The distinctions made in my previous article seem to have left some of my readers perplexed because it is not quite clear what they are good for. Well, they are the first step of a line of thought that is difficult to put into a single blog article. Unlike scientific articles or books, blog posts should better be short and more or less self-contained, or most people will not read them. Complex matters have to be divided into several articles.
The problem is then that the motivation behind the parts might not become clear until all the pieces of the puzzle are on the table. So let me give a road-map of the whole thing for better orientation. This road-map-article itself is going to be a rather long, but subsequent articles should generally be much shorter. DDon’t worry if some of the details are not getting clear now. From such a bird’s eye view, a lot of the detail cannot be seen, so that is normal. On the other hand, the significance of future articles providing the details is hard to see without such an overview. I hope that the whole thing will become clearer in hindsight.
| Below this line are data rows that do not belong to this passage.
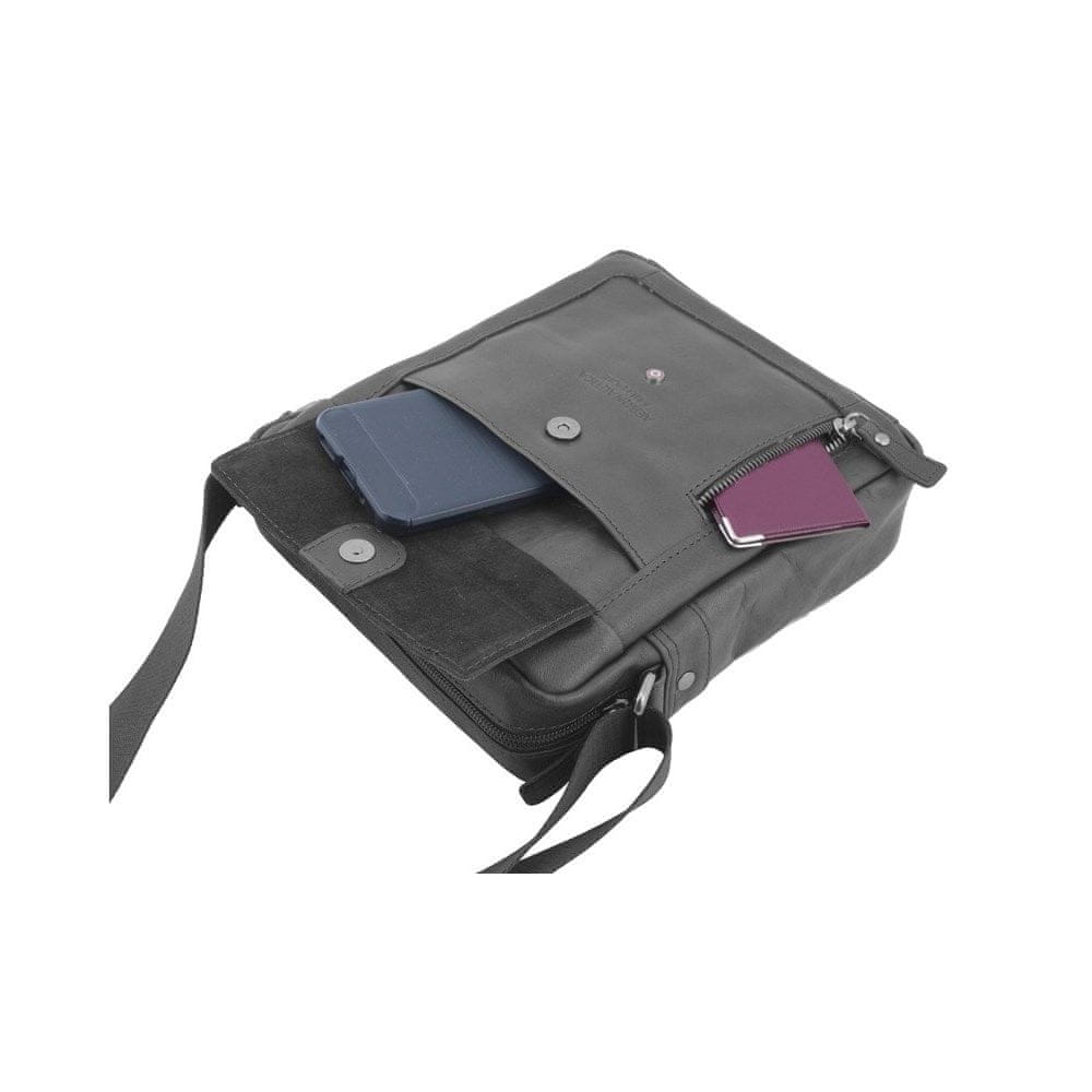 Torba za čez ramo s predalom za tablico italijanske znamke Aeronautica Militare iz kolekcije Vintage. Ta torba je kot nalašč za vsakodnevno uporabo in je izdelana iz visokokakovostnega pravega usnja za tiste, ki cenijo klasičen in brezčasen videz. Značilnosti torbe vključujejo glavni predal z visokokakovostno zadrgo, sprednji žep z zapiranjem na preklop in notranji žep z zadrgo. Navpični žep z zadrgo za hiter dostop. Skriti žep z zadrgo na zadnji plošči sprejme tablico do 25 cm. Udoben in nastavljiv trak omogoča nošenje čez ramo. Visokokakovostna podloga. Notranji organizator s praktičnimi žepi zagotavlja, da bodo vaše potrebščine ostale organizirane. Kovinski detajli z značilnim logotipom in vtisnjenim napisom Aeronautica Militare dodajo eleganten in privlačen pridih. Torba je zasnovana s praktičnostjo in funkcionalnostjo v mislih, je lahka in skrbno izdelana.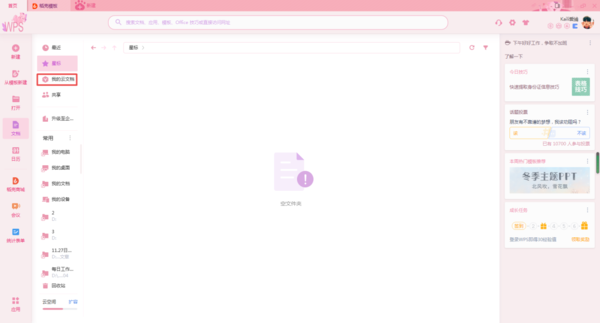 第二步,进入到我的云文档界面当中后,我们选中需要进行分享的云文件。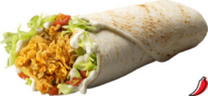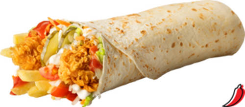 Фантастически большой и неповторимо вкусный! Тройная порция острых куриных стрипсов, гора свежих овощей, картофель фри, смесь коул слоу и идеальное сочетание кетчупа с майонезом в поджаренной лепёшке.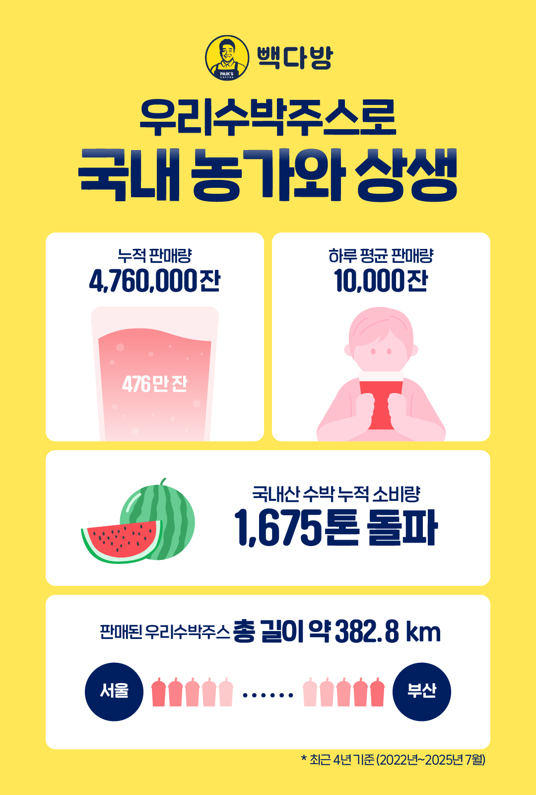 [헤럴드경제=강승연 기자] 더본코리아의 커피전문점 브랜드 빽다방이 여름 한정 메뉴인 ‘우리수박주스’로 최근 4년간(2022~2025년) 사용한 국내산 수박 누적 소비량이 1675톤을 돌파했다고 6일 밝혔다.

I have taken important parts of this line of thought out of some (partially unpublished) articles by Kurt Ammon and I have tried here to map his rather abstract mathematical notions back into concepts describing cognitive processes as we know them. Any errors or misconceptions I might have made in this “mapping” are my own, so partially, this is an interpretation of Kurt’s work.
Each of the points below will have to be expanded into one or several articles. It is possible that during the project, I am going to revise this “road map” as well. I hope that Kurt Ammon is going to publish his article or a revised version of it soon. However, I expect it to be quite dense and abstract, so what I am trying here is to build a bridge into those abstract thoughts to make the basic insights contained in them accessible.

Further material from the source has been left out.